Cardiologista, é especialista em cardiopatias congênitas e cardiologia pediátrica e presidente da Socesp (Sociedade de Cardiologia do Estado de São Paulo)

Foi com muita satisfação que nós da comunidade médica e da Sociedade de Cardiologia do Estado de São Paulo (Socesp), em particular, recebemos o recente parecer da Anvisa sobre a continuidade da proibição dos cigarros eletrônicos no país, o que inclui a comercialização, a importação e a propaganda desses dispositivos que, comprovadamente, fazem mal ao corpo.

Como bem disse a também cardiologista Jaqueline Scholz, uma das mais competentes especialistas em tratamento do tabagismo do país, se meu pai, o ex-ministro da Saúde Adib Jatene, estivesse vivo também aplaudiria a decisão acertada da agência.

E não é para menos: de acordo com levantamento da própria Jaqueline Scholz, a taxa de nicotina no organismo de jovens consumidores dos eletrônicos, com idade entre 16 e 24 anos, equivale a mais de 20 cigarros por dia. Uma pesquisa deste ano apontou que, em média, 1 a cada 5 brasileiros entre 18 e 24 anos já fumou pelo menos uma vez, o que pode explicar o fato de que 70% dos usuários estejam dentro dessa faixa etária.

Os três principais ingredientes dos "vapes", como também são conhecidos, são o propilenoglicol, que trabalha como veículo, diluindo e levando a nicotina pelo organismo; a própria nicotina, responsável pela dependência e pela sensação momentânea de bem-estar; e as substâncias aromáticas, que facilitam a socialização dos eletrônicos e dão um certo ar inocente ao vício.

O número crescente de adeptos se deve ao estímulo das fake news, que retratam os cigarros eletrônicos como menos prejudiciais à saúde do que os convencionais. Ou pior: vendem a ilusão de que se trata de uma espécie de terapia que ajuda tabagistas a deixar de fumar. Mas os "vapes", na verdade, chegam a causar dependência em menos tempo. É o caso dos modelos que utilizam o sal de nicotina ("pods").

E o cérebro é só mais um "órgão-vítima" do tabagismo em geral (eletrônicos ou não), que tem como um dos primeiros alvos o coração, além dos pulmões.

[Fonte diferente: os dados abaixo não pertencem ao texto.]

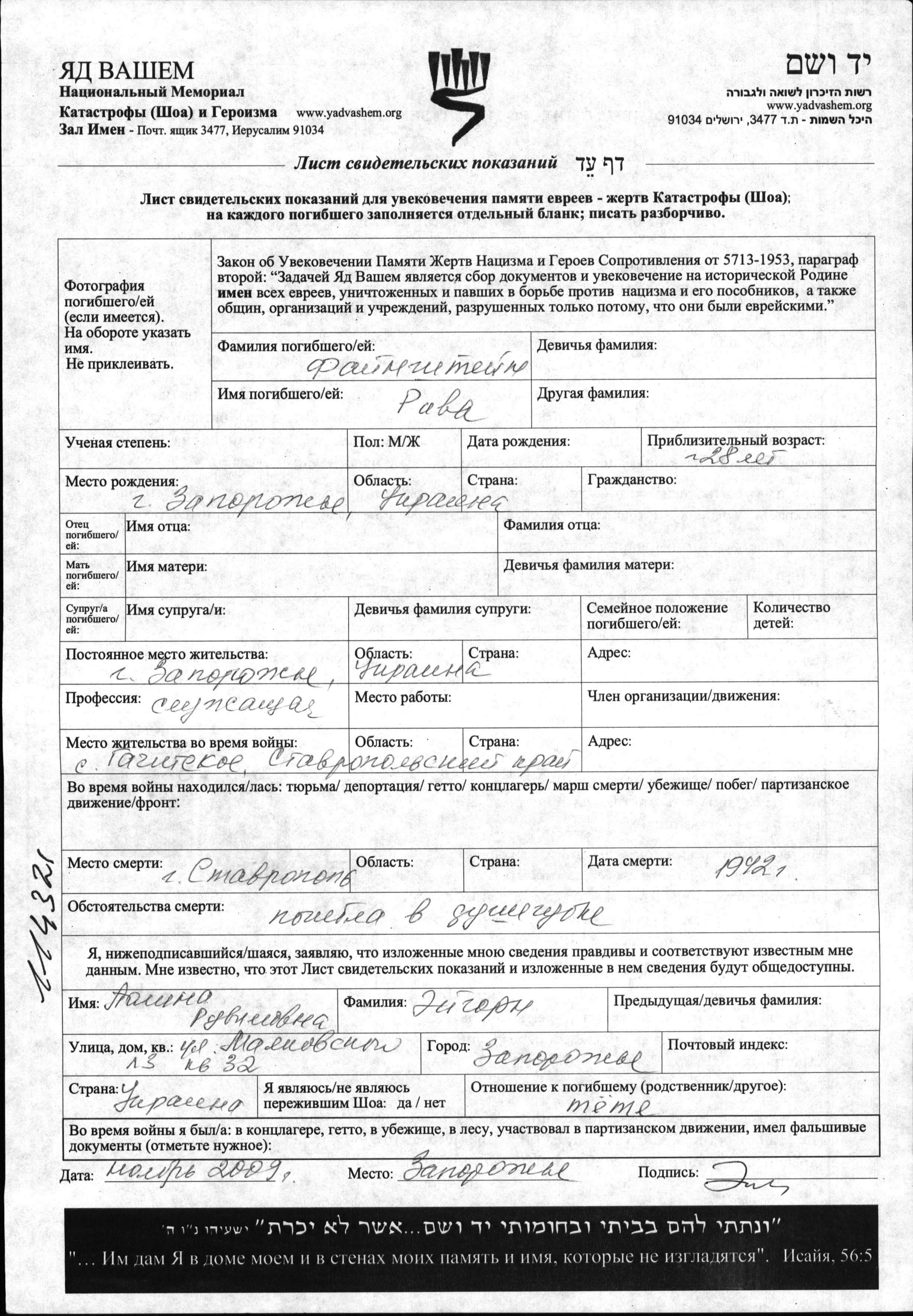 Fainshteyn Riva Zaporozhye, Ukraine (URSS) Feuille de témoignage

O coração está no topo desse ranking porque a nicotina também modifica o sistema cardiovascular, uma vez que promove a liberação de adrenalina, responsável por acelerar os batimentos cardíacos, aumentando o consumo de oxigênio e elevando a pressão arterial.

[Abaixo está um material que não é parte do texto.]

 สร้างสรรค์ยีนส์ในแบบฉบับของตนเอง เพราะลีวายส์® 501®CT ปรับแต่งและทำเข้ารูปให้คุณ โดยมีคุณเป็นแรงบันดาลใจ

A consequência são danos nas paredes das artérias, que favorecem aterosclerose, doença que habilita ao infarto e à morte súbita. Já os eletrônicos saem na frente quando o assunto é emissão de nanopartículas, que são responsáveis pela asma e também por infarto e AVC.

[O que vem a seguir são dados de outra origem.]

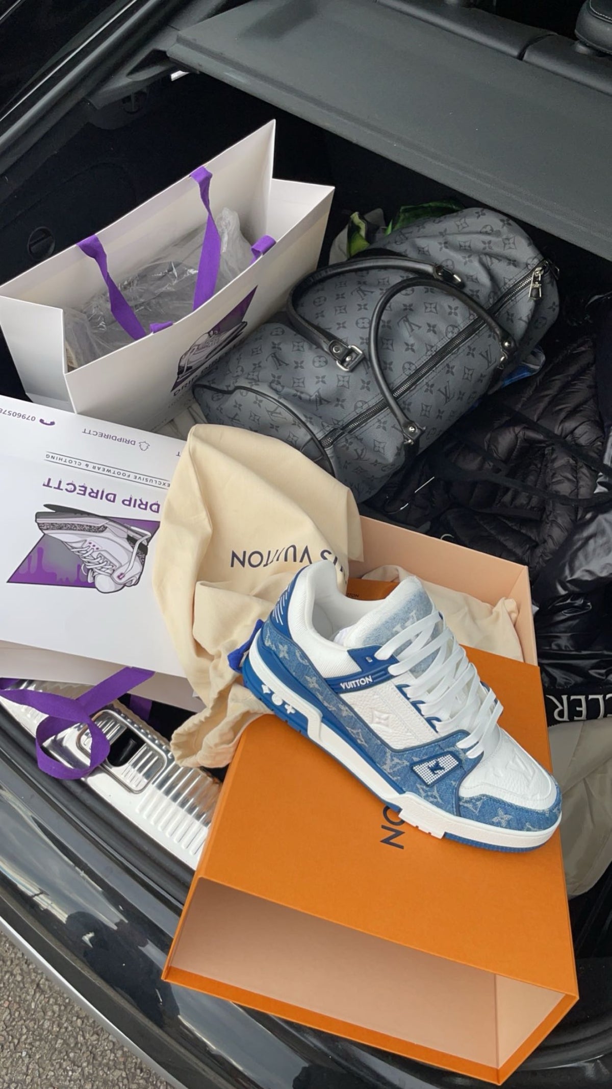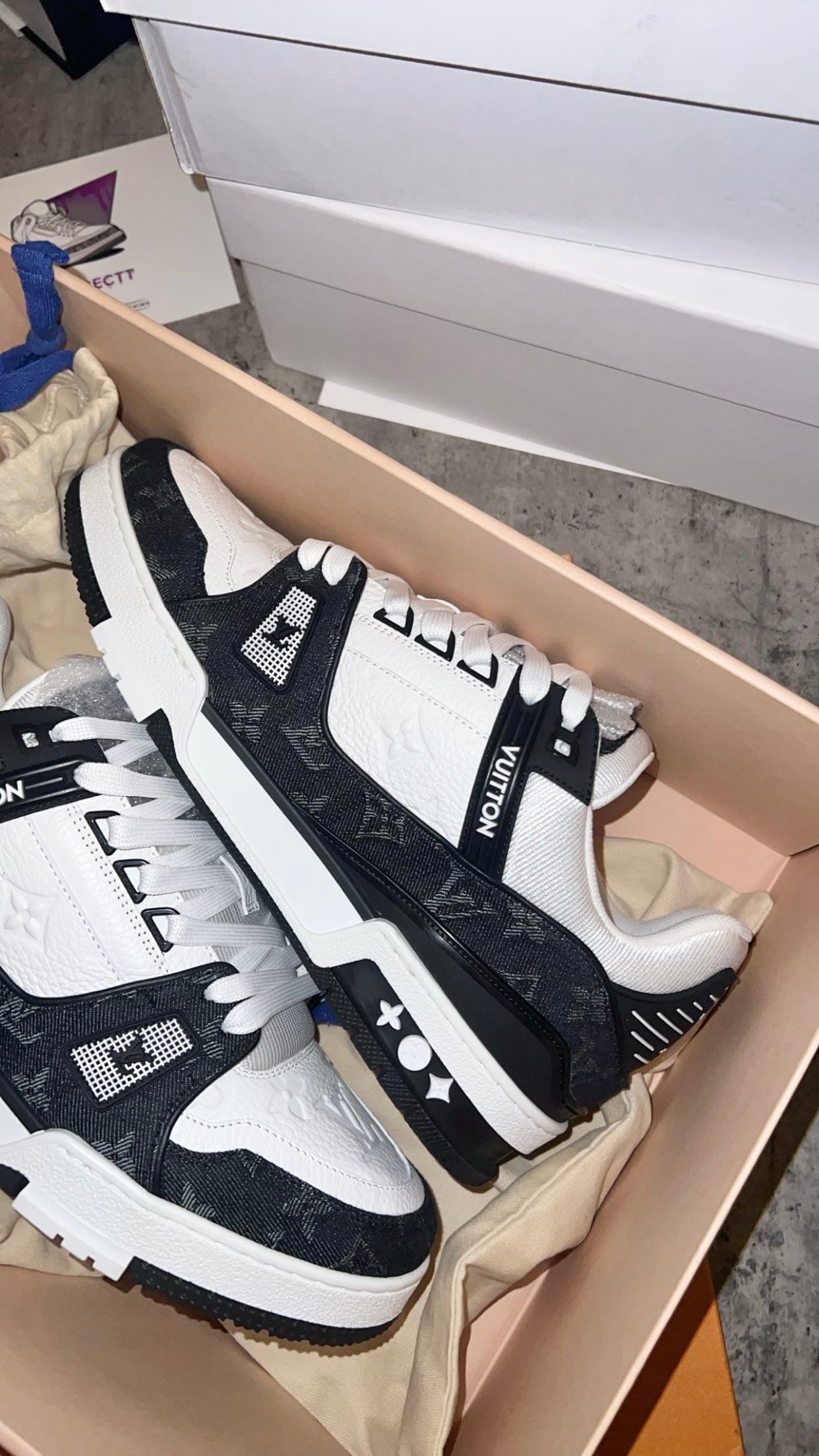 The Louis Vuitton Denim Trainers are a stylish blend of luxury and casual wear. Crafted with premium materials, they often feature the iconic Monogram denim fabric, paired with high-quality leather accents.

Os males causados pelo tabaco são conhecidos, enquanto os argumentos sobre os "vapes" serem menos nocivos por não funcionarem à combustão e não produzirem fumaça ainda não possuem nenhuma comprovação de segurança —além de potencialmente provocarem outros males ainda desconhecidos.
Inglaterra e Estados Unidos, por exemplo, liberaram os "vapes" afirmando, inclusive, que estariam contribuindo para diminuir o número de tabagistas convencionais. O que se observa nesses países, porém, é a explosão de consumo de novos usuários fumantes e a elevação da mortalidade cardiovascular em faixas etárias mais jovens.

Por essas e outras não há justificativa que sustente a aceitação legal dos cigarros eletrônicos. Ao contrário, devemos unir esforços —sociedade civil e poder público— para banir o tabaco sob qualquer forma de apresentação em prol de uma vida mais respirável e na defesa da histórica conquista do Brasil em redução de tabagistas nas últimas décadas. Precisamos seguir nesse caminho.